(Source data)
□ □ □ □
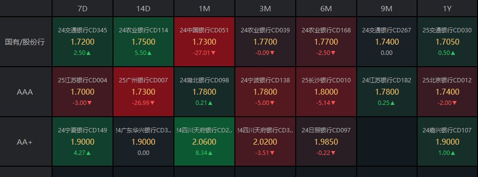 在一级市场方面,今日存单方面表现出一定的市场需求。3M期国股在1.72%-1.8%位置需求较好,较前一日下行1bp;1Y期国股报在1.705%-1.78%的位置,较前一日上行0.25bp。AAA级存单方面,9M成交在1.78%,1Y成交在1.74%的位置。这些数据为投资者提供了一级市场的最新动态。
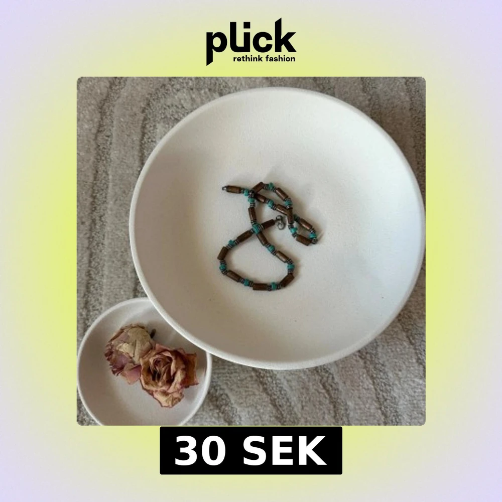 Unikt halsband med avlånga bruna träpärlor, turkosa stenar och silvriga detaljer. Perfekt för dig som gillar boho-stil och naturliga material. Snyggt att bära lager på lager eller som statement-piece.
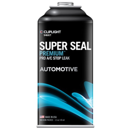 - The Cliplight 946KIT Super Seal Premium Auto A/C Stop Leak Sealant (1.5 oz.) is a fast, professional solution for repairing and preventing leaks in car air conditioning systems. Designed to seal leaks in evaporators, condensers, accumulators, o-rings, gaskets, metal lines, and rubber hoses, this easy-to-use kit installs in minutes with the included hose. Compatible with all mobile A/C refrigerants—including R12, R134a, and R1234yf—this premium sealant restores performance, prevents future leaks, and saves time and costly repairs. Perfect for car owners and mechanics, the 946KIT delivers superior quality and long-lasting results.
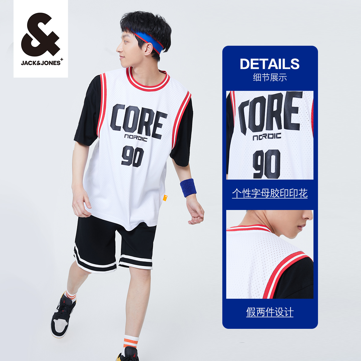 杰克琼斯男装短袖t恤男款打底衫夏季假两件短袖男士情侣衣服字母 - 杰克琼斯官方奥莱旗舰店
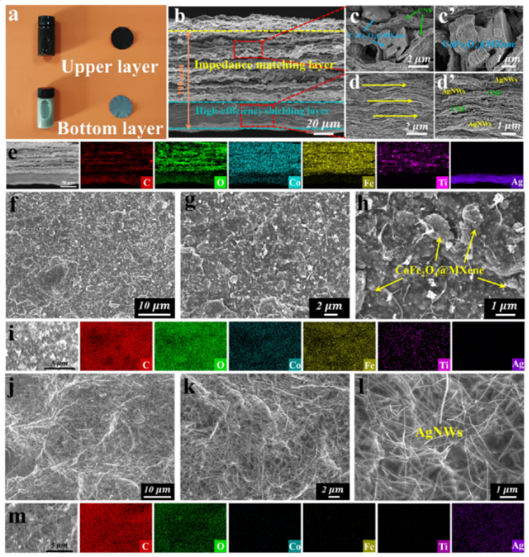 圖3 (a)上、下側面的數字照片,(b) L5的低倍掃描電鏡橫斷面圖像。(c, c’)上部和(d, d’)下部的高倍截面SEM圖像,(e) L5的截面元素映射圖。(f−h)上側面和(j−l)下側面的表面SEM圖像,(i)上側面和(m)下側面的表面EDS映射圖像。
□ □ □ □
Line for line, restate the data above and omit every picture.

 在一级市场方面,今日存单方面表现出一定的市场需求。3M期国股在1.72%-1.8%位置需求较好,较前一日下行1bp;1Y期国股报在1.705%-1.78%的位置,较前一日上行0.25bp。AAA级存单方面,9M成交在1.78%,1Y成交在1.74%的位置。这些数据为投资者提供了一级市场的最新动态。
 Unikt halsband med avlånga bruna träpärlor, turkosa stenar och silvriga detaljer. Perfekt för dig som gillar boho-stil och naturliga material. Snyggt att bära lager på lager eller som statement-piece.
 - The Cliplight 946KIT Super Seal Premium Auto A/C Stop Leak Sealant (1.5 oz.) is a fast, professional solution for repairing and preventing leaks in car air conditioning systems. Designed to seal leaks in evaporators, condensers, accumulators, o-rings, gaskets, metal lines, and rubber hoses, this easy-to-use kit installs in minutes with the included hose. Compatible with all mobile A/C refrigerants—including R12, R134a, and R1234yf—this premium sealant restores performance, prevents future leaks, and saves time and costly repairs. Perfect for car owners and mechanics, the 946KIT delivers superior quality and long-lasting results.
 杰克琼斯男装短袖t恤男款打底衫夏季假两件短袖男士情侣衣服字母 - 杰克琼斯官方奥莱旗舰店
 圖3 (a)上、下側面的數字照片,(b) L5的低倍掃描電鏡橫斷面圖像。(c, c’)上部和(d, d’)下部的高倍截面SEM圖像,(e) L5的截面元素映射圖。(f−h)上側面和(j−l)下側面的表面SEM圖像,(i)上側面和(m)下側面的表面EDS映射圖像。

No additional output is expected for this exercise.